In contrast, IV rt-PA and EVT significantly increased favorable outcome (IV rt-PA: OR 2.005, 95%CI 1.461–1.535, EVT: OR 1.524, 95%CI 1.089–2.132). It was shown that edaravone significantly increased favorable outcome (OR 1.649, 95%CI 1.052–2.586) as well as statin before onset and anticoagulation after onset (Fig. 4).
Discussion
In the present study, edaravone administration was effective to increase favorable outcome of the patients with acute LVO. Edaravone treatment was especially effective for the patients treated with IV rt-PA. However, patient background showed that the edaravone group had more hyperlipidemia and the non-edaravone group had more congestive heart disease and higher serum creatinine. These differences might influence the results in the present study. Then, we performed multivariate logistic regression analysis. It showed edaravone was one of the independent predictive factors as well as IV rt-PA and EVT, anticoagulation after onset and statin before onset.
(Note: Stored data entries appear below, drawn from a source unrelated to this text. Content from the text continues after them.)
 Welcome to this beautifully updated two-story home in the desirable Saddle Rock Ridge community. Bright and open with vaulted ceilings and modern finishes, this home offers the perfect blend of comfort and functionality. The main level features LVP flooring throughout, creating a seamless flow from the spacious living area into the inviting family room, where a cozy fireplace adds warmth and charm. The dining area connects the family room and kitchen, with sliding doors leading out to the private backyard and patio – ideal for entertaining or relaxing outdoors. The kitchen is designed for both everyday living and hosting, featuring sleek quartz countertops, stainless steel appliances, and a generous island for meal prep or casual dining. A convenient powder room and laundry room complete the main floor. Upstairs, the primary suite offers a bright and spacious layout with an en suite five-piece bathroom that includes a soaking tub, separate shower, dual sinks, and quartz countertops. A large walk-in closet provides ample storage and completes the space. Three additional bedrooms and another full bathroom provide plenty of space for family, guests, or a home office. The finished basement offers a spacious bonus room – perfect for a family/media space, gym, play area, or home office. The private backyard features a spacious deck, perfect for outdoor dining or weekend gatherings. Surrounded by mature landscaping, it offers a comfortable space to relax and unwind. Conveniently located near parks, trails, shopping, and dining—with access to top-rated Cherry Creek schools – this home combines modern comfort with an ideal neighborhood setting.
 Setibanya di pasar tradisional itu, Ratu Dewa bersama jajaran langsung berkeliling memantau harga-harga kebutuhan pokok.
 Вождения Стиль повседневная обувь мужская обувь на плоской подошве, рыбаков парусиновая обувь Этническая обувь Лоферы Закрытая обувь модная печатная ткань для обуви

Thus, edaravone treatment might be effective to increase favorable outcome in the patients with acute LVO.
Edaravone (Radicut®) is a free radical scavenger marketed as a neurovascular protective agent in Japan for the treatment of patients with AIS, who present within 24 h of the onset of symptoms.11,12) Edaravone was approved for the treatment of AIS in Japan in 2001, and it was recommended by the American Heart Association in the guidelines for the early management of adults with AIS15) although it has not been approved for AIS in Western countries.12)
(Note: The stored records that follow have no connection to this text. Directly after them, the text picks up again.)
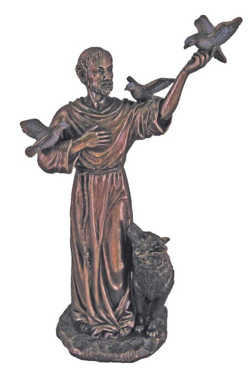 - St. Francis with Animals in lightly hand-painted cold cast bronze
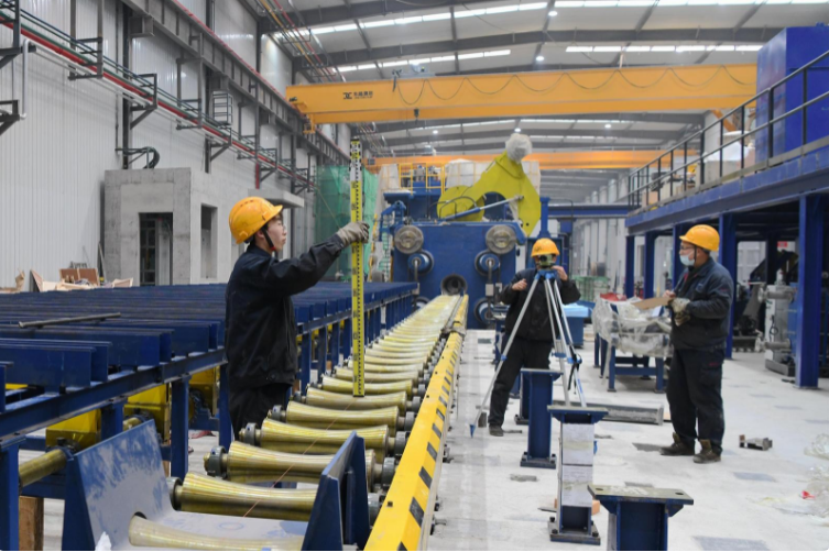 寶鈦集團(tuán)高品質(zhì)鈦錠、管材、型材生產(chǎn)線建設(shè)項(xiàng)目現(xiàn)場(chǎng),工人們正在安裝調(diào)試設(shè)備
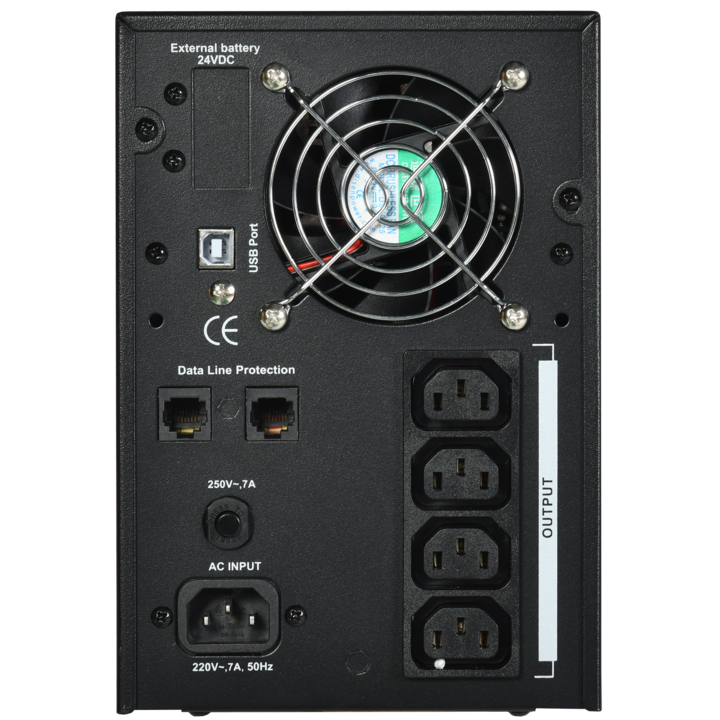 - Оснащен 2 разъемами RJ-11 для защиты телефона, модема или факса от скачков напряжения.

In the present study, edaravone treatment was more effective for the patients treated by IV rt-PA than those by EVT. The reason for the difference is still unknown, but edaravone may enhance recanalization in patients with AIS, who received thrombolytic treatment using alteplase,11) or reduce secondary damage of the brain by free radical due to LVO itself or reperfusion by IV rt-PA or EVT. Recently, Naritomi et al. reported another phenomenon that edaravone treatment for up to 14 days suppresses the progression of disuse muscle atrophy and improves leg locomotor function to a greater extent than short-term treatment in acute stroke patients.16)
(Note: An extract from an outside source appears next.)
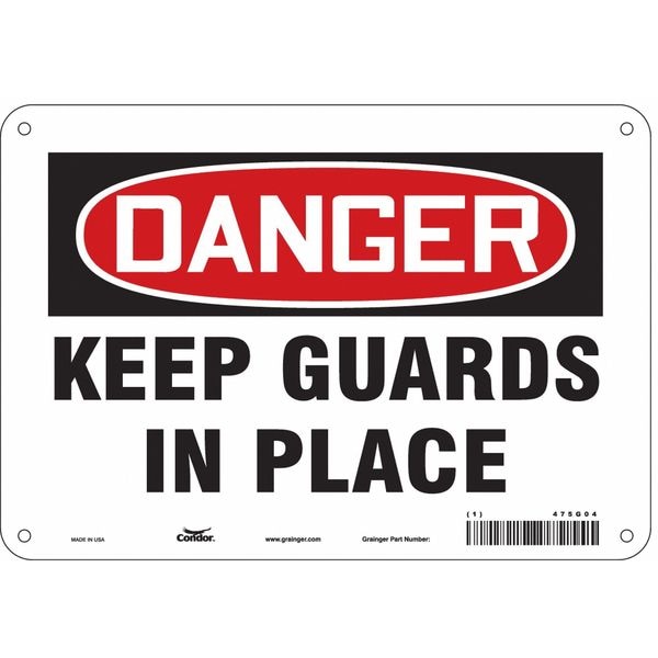 Safety Sign, Vertical Rectangle, Number of Printed Sides 1, English, Sign Format Traditional OSHA, Sign Legend Keep Guards In Place, Sign Legend Background Color White, Sign Legend Style Text
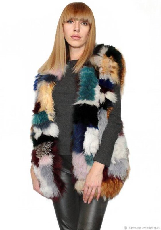Современные жилетки из кусков меха норки.

It was also reported that edaravone reduced intracranial hemorrhage.17) It was shown that edaravone suppresses rt-PA induced MMP-9 upregulation and hemorrhage and protect dissociation of the neurovascular unit after thrombolysis and reperfusion using rat transient brain ischemia model.18,19) In the present study, there was no significant difference between the groups in terms of hemorrhage. Kimura et al. reported that simultaneous administration of edaravone and rt-PA should enhance early recanalization.11) Various timings of edaravone administration in this study might be the reason for ineffectiveness in the reduction of intracranial hemorrhage on the next day CT or MRI, or hemorrhage caused by EVT might have influenced in the present study.
There were some limitations of this study. As shown in the beginning of the discussion, this is an observational study, so difference in patient background such as higher serum creatinine, more number of advanced age, and congestive heart disease in non-edaravone group might have influenced the clinical results, because edaravone has a protective effects in the heart in experimental studies.20)
In conclusion, analysis of prospective registry of acute LVO in Japan suggested several predictive factors of favorable outcome including edaravone administration. To know the real effect of each treatment in the patients with AIS, randomized controlled trials should be performed in the near future.